Utils
decompress
Decompress functions
- mindnlp.utils.decompress.ungz(file_path: str, unzip_path: Optional[str] = None)[source]
Untar .gz file
- Parameters:
file_path (str) – The path where the .gz file is located.
unzip_path (str) – The directory where the files were unzipped.
- Returns:
The directory where the files were unzipped.
- Return type:
unzip_path (str)
- Raises:
TypeError – If file_path is not a string.
TypeError – If untar_path is not a string.
- mindnlp.utils.decompress.untar(file_path: str, untar_path: str)[source]
Untar tar.gz file
- Parameters:
file_path (str) – The path where the tgz file is located.
multiple (str) – The directory where the files were unzipped.
- Returns:
names (list) -All filenames in the tar.gz file.
- Raises:
TypeError – If file_path is not a string.
TypeError – If untar_path is not a string.
Examples
>>> file_path = "./mindnlp/datasets/IWSLT2016/2016-01.tgz" >>> untar_path = "./mindnlp/datasets/IWSLT2016" >>> output = untar(file_path,untar_path) >>> print(output[0]) '2016-01'
- mindnlp.utils.decompress.unzip(file_path: str, unzip_path: str)[source]
Untar .zip file
- Parameters:
file_path (str) – The path where the .zip file is located.

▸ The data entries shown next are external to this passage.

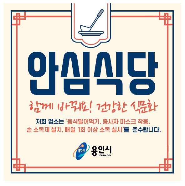 용인시는 코로나19 감염으로부터 시민들이 안심하고 이용할 수 있는 ‘안심식당’ 102곳을 오는 6월 30일까지 모집한다.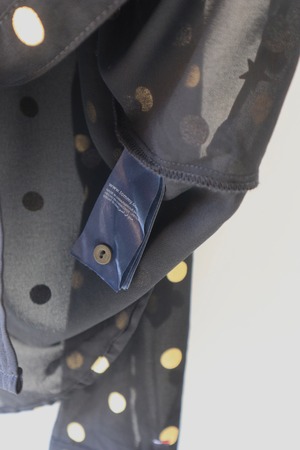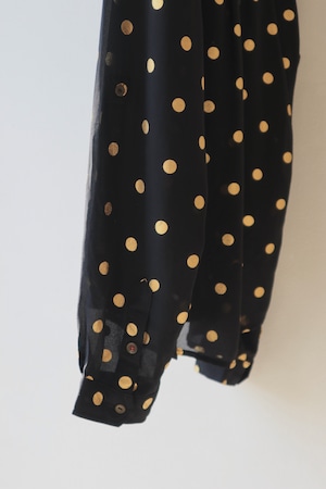 透け感のあるシアー素材が特徴で、光の当たり方によってゴールドのドットの表情が変わります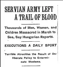 124. Geshov, Ivan Evstratiev (1919). La genèse de la guerre mondiale: la débâcle de l'alliance balkanique (in French) (as for example that of the Serbian deputy Triša Kaclerovićh, who, in an article published in 1917 by the International Bulletin, affirms that in 1912-1913 120,000 Albanians were massacred by the Serbian army ed.). P. Haupt. p. 64. Retrieved 9 August 2023.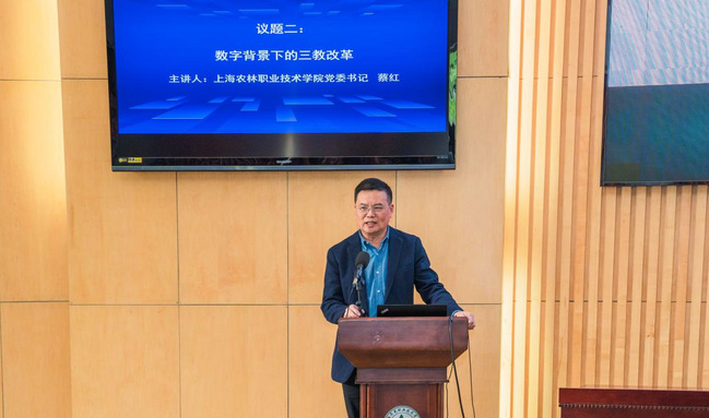 随后,上海农林职业技术学院党委书记蔡红教授深入探讨了数字化背景下的三教改革。蔡教授提出,数字化转型不仅是技术的应用,更是教育思想和方法的革新。他通过分析数字化时代教育的新形态——智慧教育,探讨了未来课堂的发展方向,并提出了“五新”教育理念,即新理念、新体系、新范式、新内容和新治理,为职业教育的改革提供了新的思路。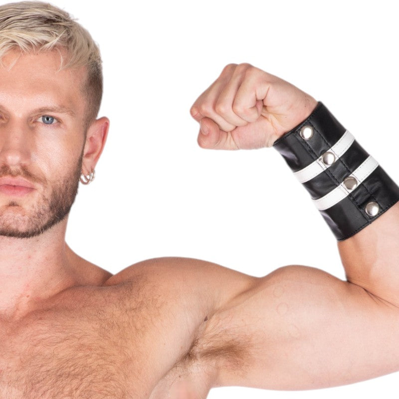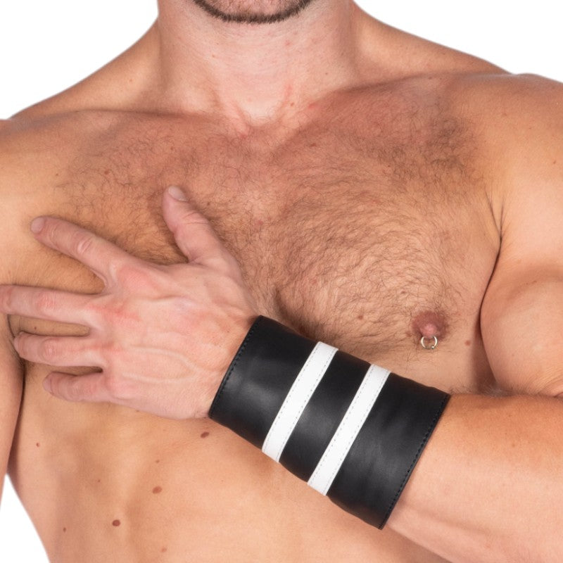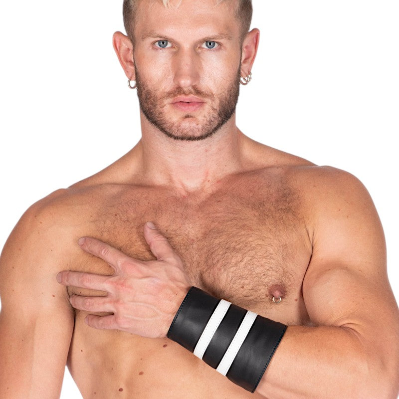 Leather Gauntlet Wallet White Stripes - Black/White / S/M is backordered and will ship as soon as it is back in stock.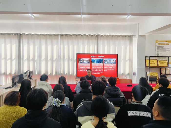 为深入学习贯彻习近平新时代中国特色社会主义思想,进一步加强校党委对思政课建设和大学生思想政治工作的领导,12月3日下午,校党委书记鲍习生来到学校大学生“一站式”社区活动中心,以“在党旗下成长 做更好的自己——智商、情商、行商与新时代青年修为”为题,为师生讲授了一堂精彩的专题思政课。马克思主义学院、团委、各二级学院团总支负责人和辅导员、学生骨干等近百人在现场听课。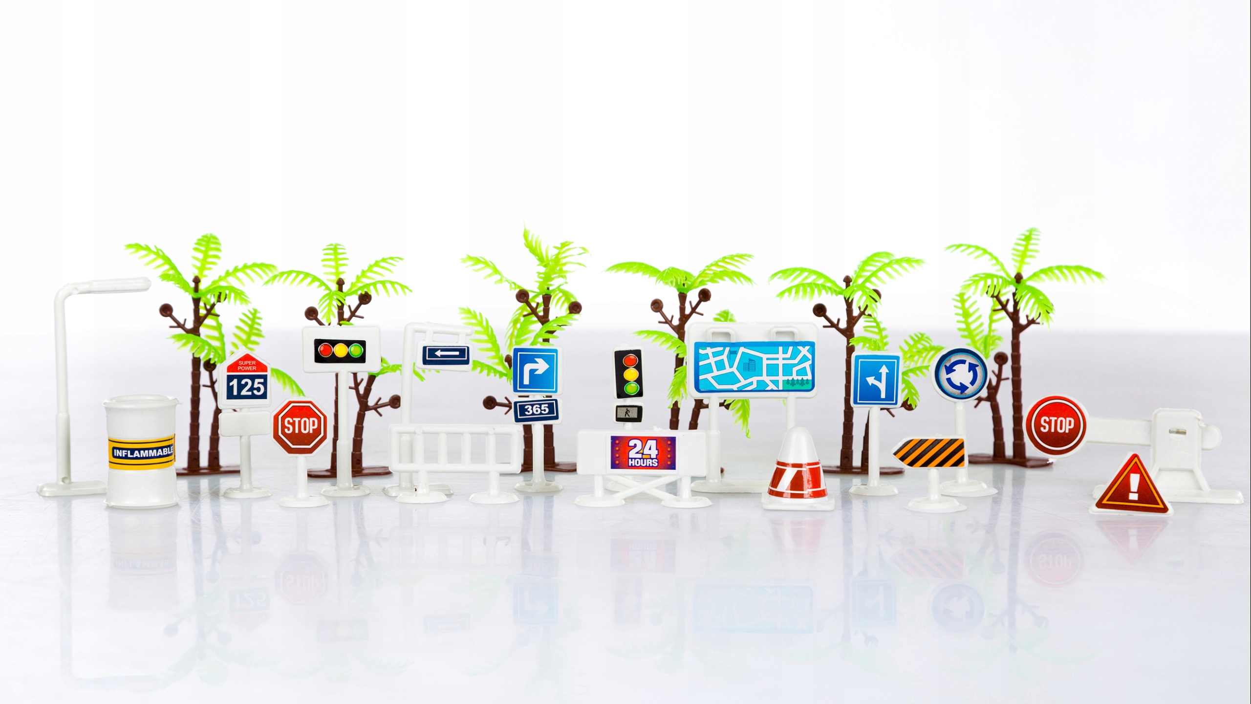 Знаки та дерева, що входять до набору, стимулюватимуть уяву вашої дитини та допоможуть їй перенестися у світ веселощів!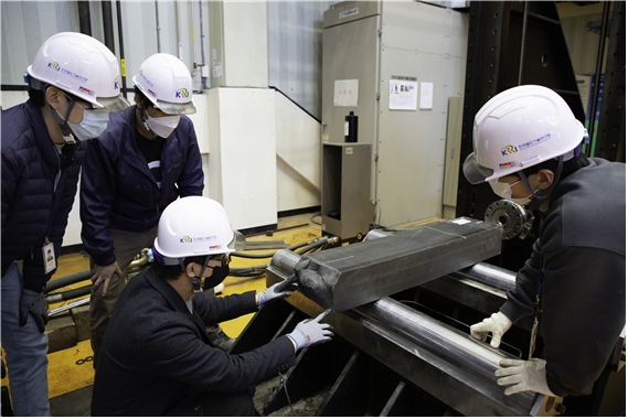 경기 의왕 철도기술연구원에서 친환경 플라스틱 침목에 대한 구조시험을 진행하고 있다. / 한국철도기술연구원 제공

unzip_path (str) – The directory where the files were unzipped.
- Returns:
names (list) -All filenames in the .zip file.
- Raises:
TypeError – If file_path is not a string.
TypeError – If untar_path is not a string.
download
Download functions
- mindnlp.utils.download.cache_file(filename: str, cache_dir: Optional[str] = None, url: Optional[str] = None, md5sum=None, download_file_name=None, proxies=None)[source]
If there is the file in cache_dir, return the path; if there is no such file, use the url to download.
- Parameters:
filename (str) – The name of the required dataset file.
cache_dir (str) – The path of save the file.
url (str) – The url of the required dataset file.
md5sum (str) – The true md5sum of download file.
download_file_name (str) – The name of the downloaded file.(This parameter is required if the end of the link is not the downloaded file name.)
proxies (dict) – a dict to identify proxies,for example: {“https”: “https://127.0.0.1:7890”}.
- Returns:
str, If path is a folder containing a file, return {path}{filename}; if path is a folder containing multiple files or a single file, return path.
- Raises:
TypeError – If filename is not a string.
TypeError – If cache_dir is not a string.
TypeError – If url is not a string.
RuntimeError – If filename is None.
Examples
>>> filename = 'aclImdb_v1' >>> path, filename = cache_file(filename) >>> print(path, filename) '{home}\.text' 'aclImdb_v1.tar.gz'
- mindnlp.utils.download.cached_path(filename_or_url: str, cache_dir: Optional[str] = None, md5sum=None, download_file_name=None, proxies=None)[source]
If there is the file in cache_dir, return the path; if there is no such file, use the url to download.
- Parameters:
filename_or_url (str) – The name or url of the required file .
cache_dir (str) – The path of save the file.
folder_name (str) – The additional folder to which the dataset is cached.(under the cache_dir)
md5sum (str) – The true md5sum of download file.
download_file_name (str) – The name of the downloaded file.(This parameter is required if the end of the link is not the downloaded file name.)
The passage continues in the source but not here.